The health care industry has the highest incidence of work-related injuries in the United States, according to the U.S. Bureau of Labor Statistics. Registered nurses rank in the top 10 for most number of days away from work because of injuries. Handling patients puts a heavy strain on the back. Nurses can relieve existing back pain and prevent future injuries by exercising and strengthening the four core abdominal muscles.
Obliques
The American Nurses Association estimates that 52 percent of nurses have chronic back pain, according to NurseWeek.com. Exercises that enhance your obliques -- the ab muscles responsible for twisting and bending -- help to stabilize and brace your spine, protecting your back against pain. Lynn Robinson, author of "The Pilates Bible," recommends the waist twist to work your obliques. The waist twist not only supports spinal mobility but also promotes proper rotation of the head, neck and torso. Stand with your arms folded at chest level, one palm on top of the opposite elbow and the other palm beneath the opposite elbow. Inhale and lengthen your spine. Exhale and rotate your torso fully to the right. Inhale again and rotate your body to the left. Perform five repetitions.
Transverse Abdominus
In a typical workday, a nurse lifts a cumulative total of 1.8 tons of weight, reports NursingWorld.org. Exercising your transverse abdominus -- the corset-like muscle that holds your internal organs in place -- supports your lower back and stabilizes your torso during heavy lifting. The American Council on Exercise suggests the bird-dog exercise to target the back and transverse abdominus. Get on all fours, knees directly under your hips, palms flat on the floor and arms extended under your shoulders. Tighten your abs while simultaneously extending your left leg behind you and your right arm in front of you. Slowly attempt to align your body parallel to the floor. Hold for five seconds, gently lower your body to the starting position and repeat the movements on the opposite side.

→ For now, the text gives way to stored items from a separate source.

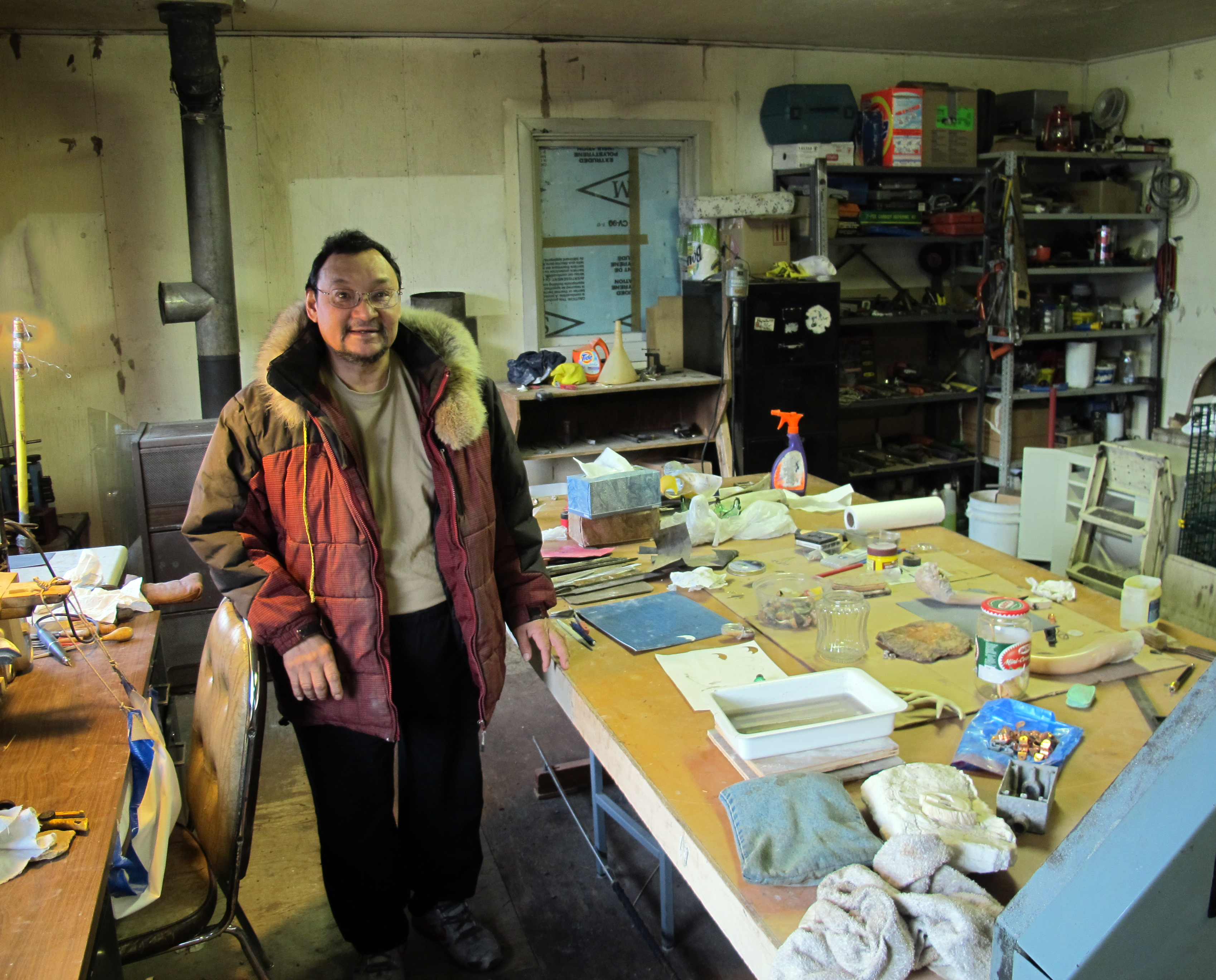 Looty Pijamini in his humble shop where he creates his famous carvings.
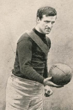 Photograph of Hedley Bryant from the 1910 Weekly Times Victorian Footballer Postcard Series
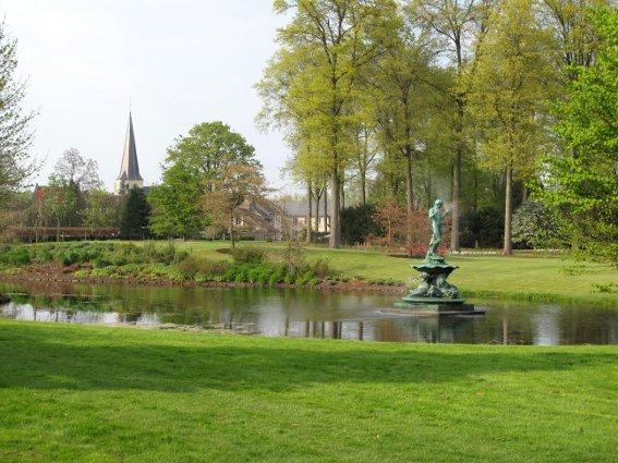 Arboretum Wespelaar, België.
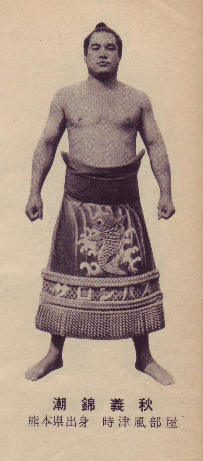 Shionishiki Yoshiaki (Sumo wrestler from Japan. Komusubi). taken in 1958, or before that.
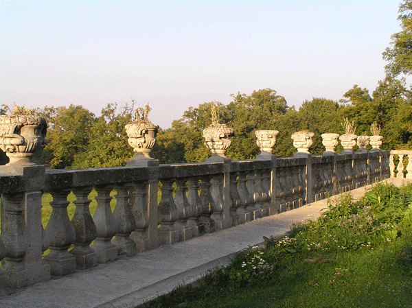 The castle in Podhorce (Ukraine).
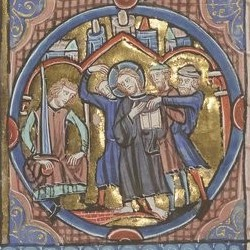 Christ before Pilate, thirteenth-century French illumination from a Bible moralisee
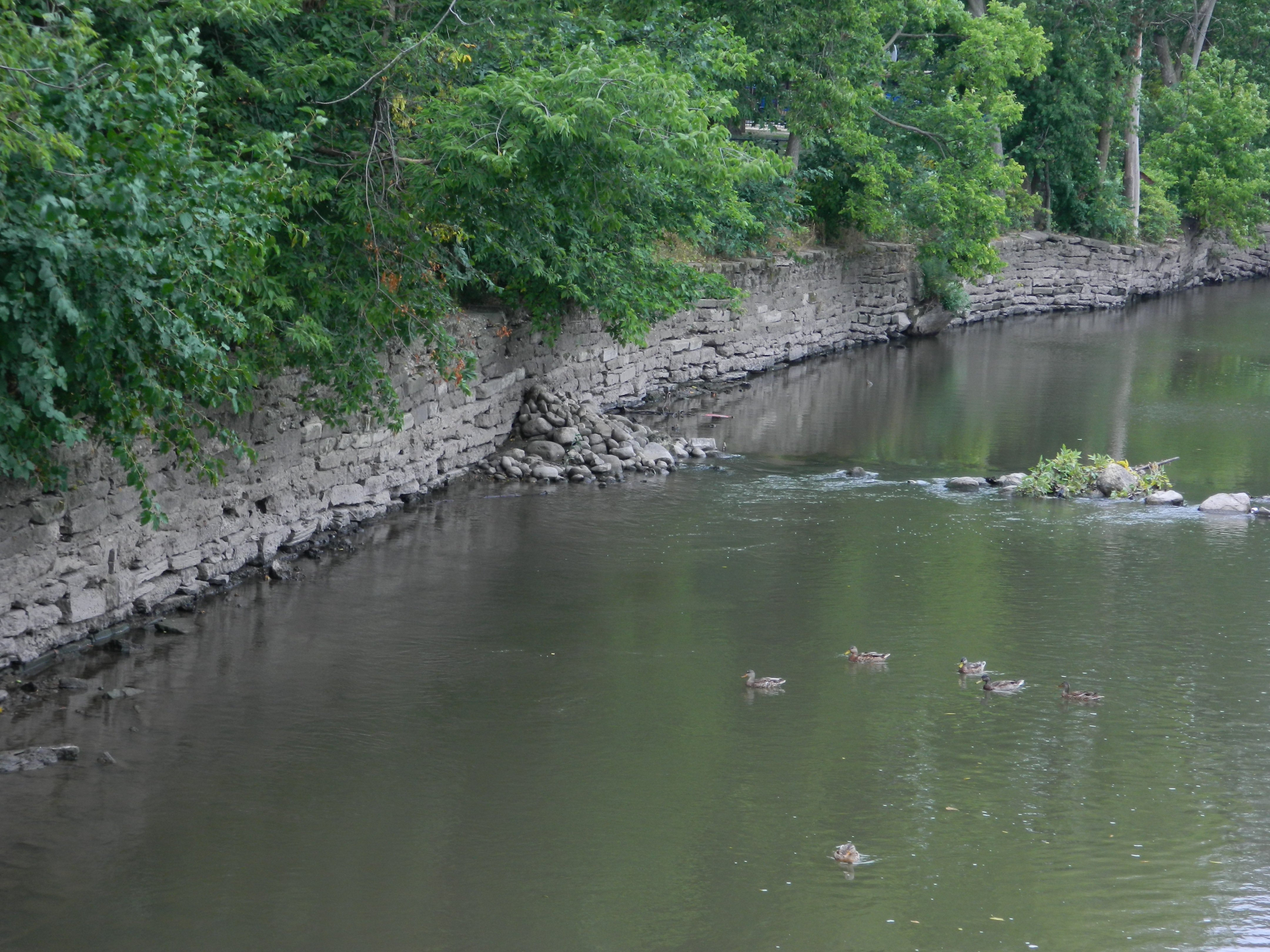 The North Branch Chicago River passing through Eugene Field Park, Chicago. The retaining wall on the left was a Works Progress Administration project in the 1940s.
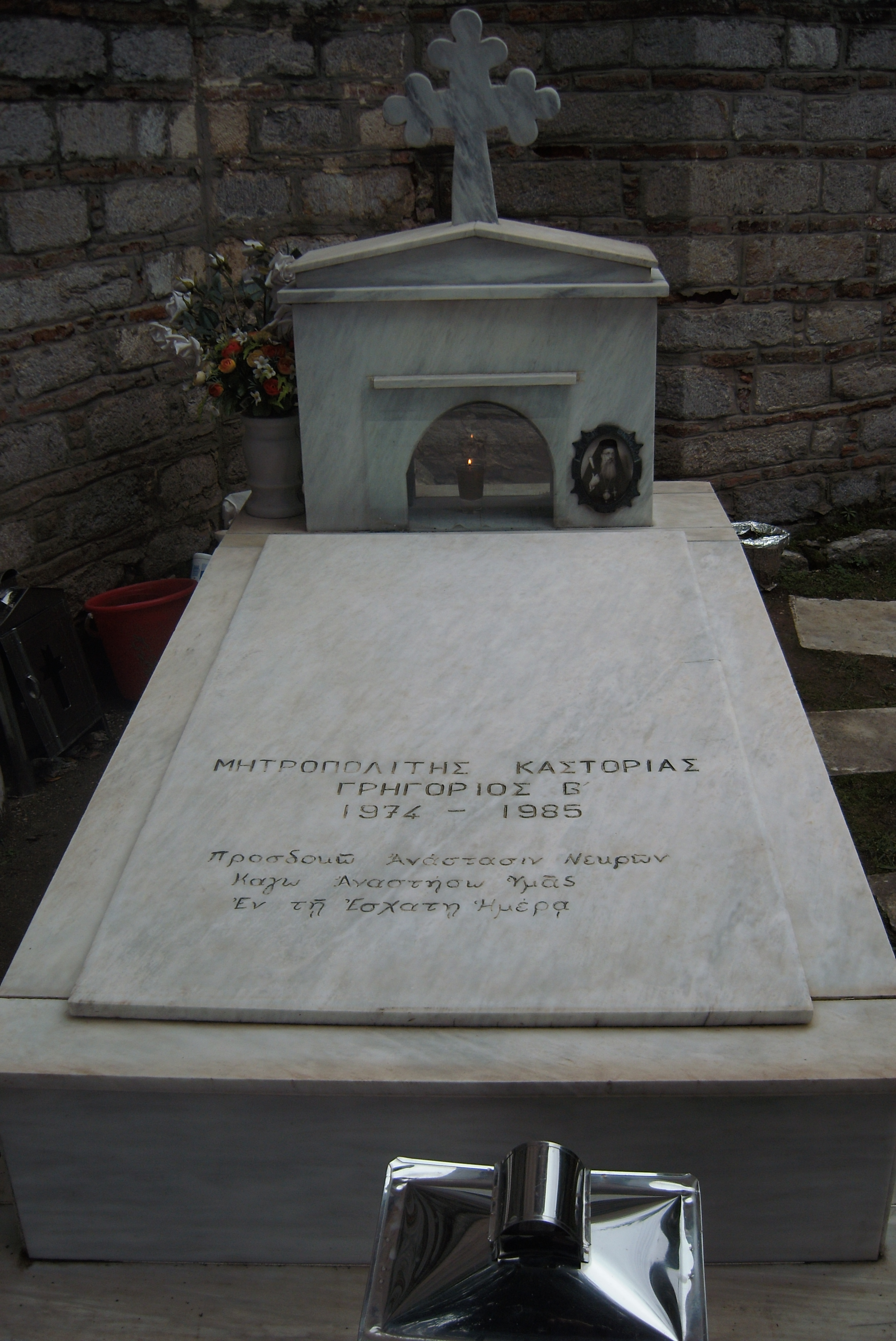 Grigorios II of Kastoria Grave in Kastoria Mitropoly yard
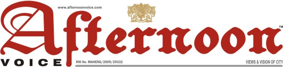 Afternoon Voice (Daily Newspaper) Logo
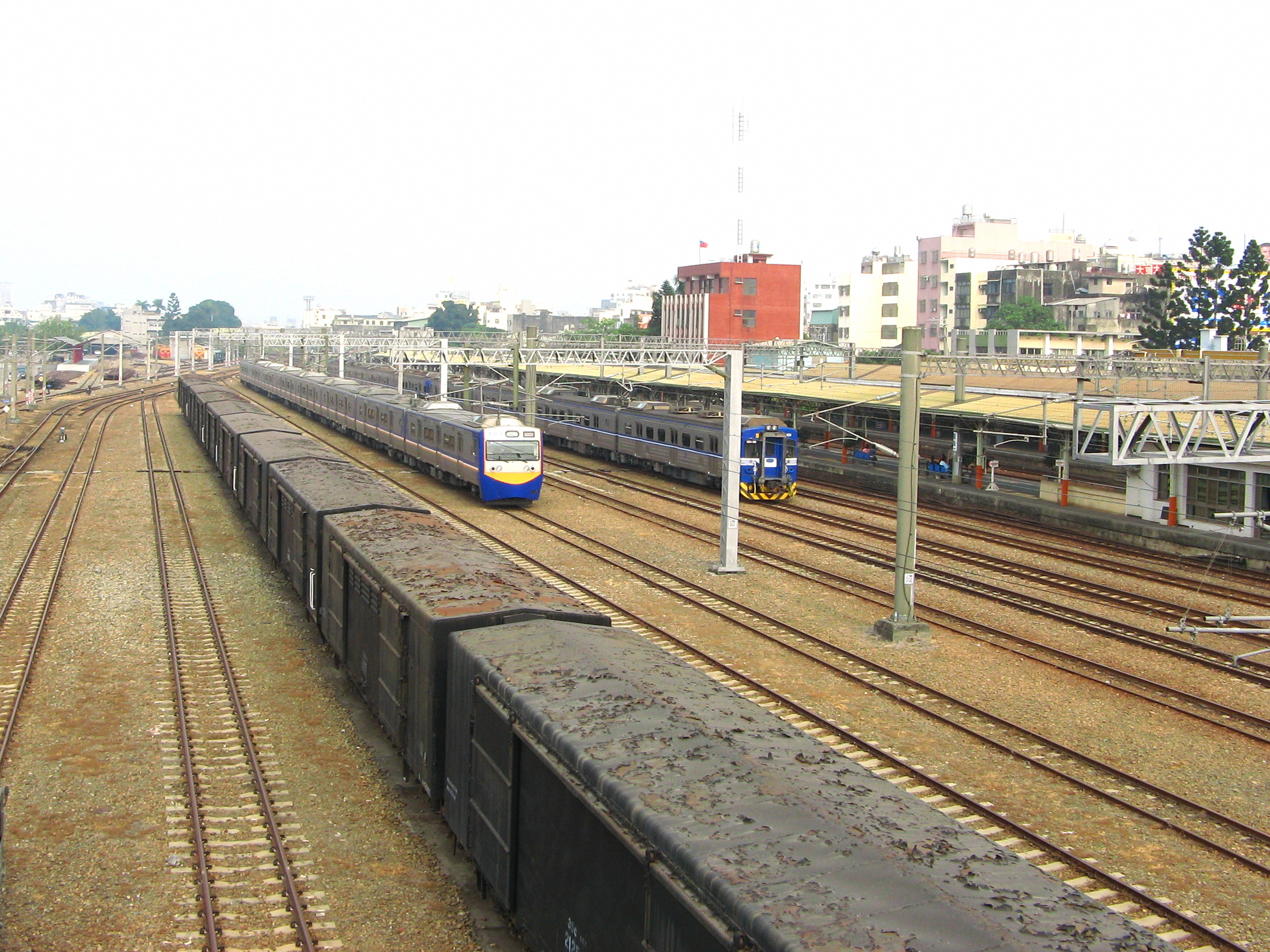 TRA freight cars, EMU700 and EMU500 trains at Chiayi Station.
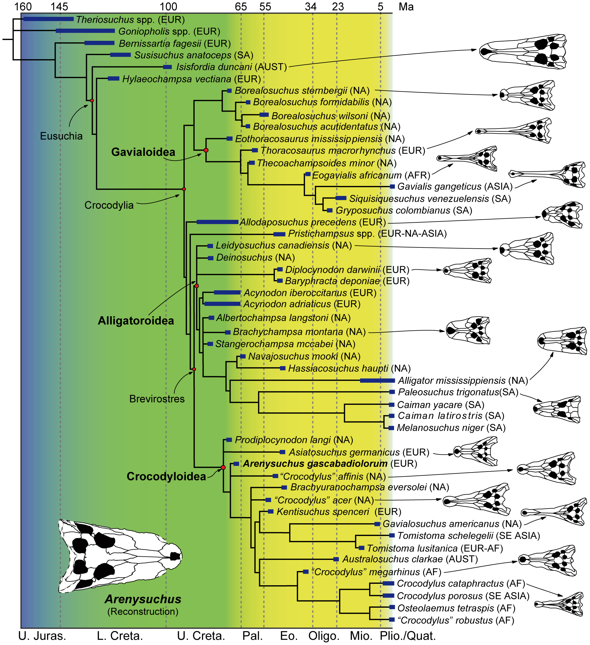 Phylogenetic relationships of Arenysuchus gascabadiolorum. Stratigraphically calibrated strict consensus of 368 equally parsimonious trees resulting from parsimony analysis of 176 characters in 51 taxa. Thick blue lines represent known minimal ranges (see [3], [5] and bibliographies therein). The abbreviations above the names denote the area in which the taxon occurs (AF, Africa; ASIA, Asia; AUST, Australia; EUR, Europe; NA, North America; SA, South America; SE ASIA, southeast Asia). For more information see Appendix S1 and Appendix S2 (data matrix, analysis protocol, apomorphy list, strict consensus tree and decay index).
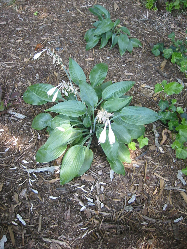 Hosta Tardiana-Group 'Halcyon', Hosta from my yard
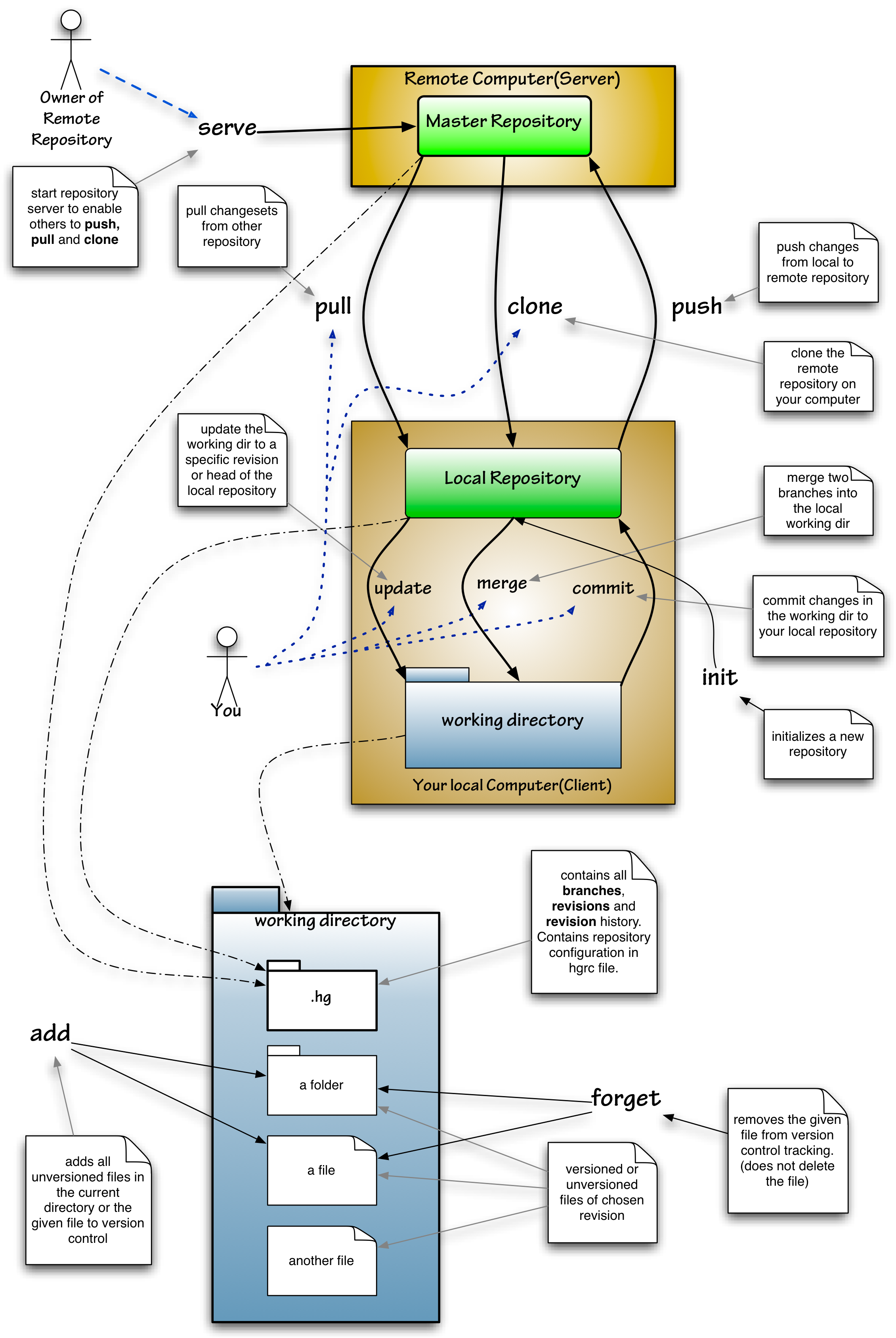 Mercurial commands and their relations.

Upper and Lower Rectus Abdominus
The upper and lower rectus abdominus starts at your sternum and runs down to your pubic bone. It not only forms the envied six-pack look but also acts to compress the abdomen and move and stabilize the spine. The muscle provides much of your strength for bending motions of the back. However, overstressed by patient and equipment handling, nurses often develop trigger points of back pain in the rectus abdominus. The plank exercise works to tone and strengthen this muscle. Lie flat on your stomach. Raise your torso with your arms extended and palms on the mat directly beneath your shoulders. Your whole body should slant in a straight 30-degree angle off the mat. Tighten your tummy and hold for 45 seconds.
Considerations
As a nurse, you need to follow a routine of regular ab exercises before injuries occur, but you should consult with your doctor before beginning any program. Strong abs help reduce back pressure and occupational back injuries so prevalent in the nursing field. However, once an injury occurs, allow the pain to subside and the injury to heal before resuming activity.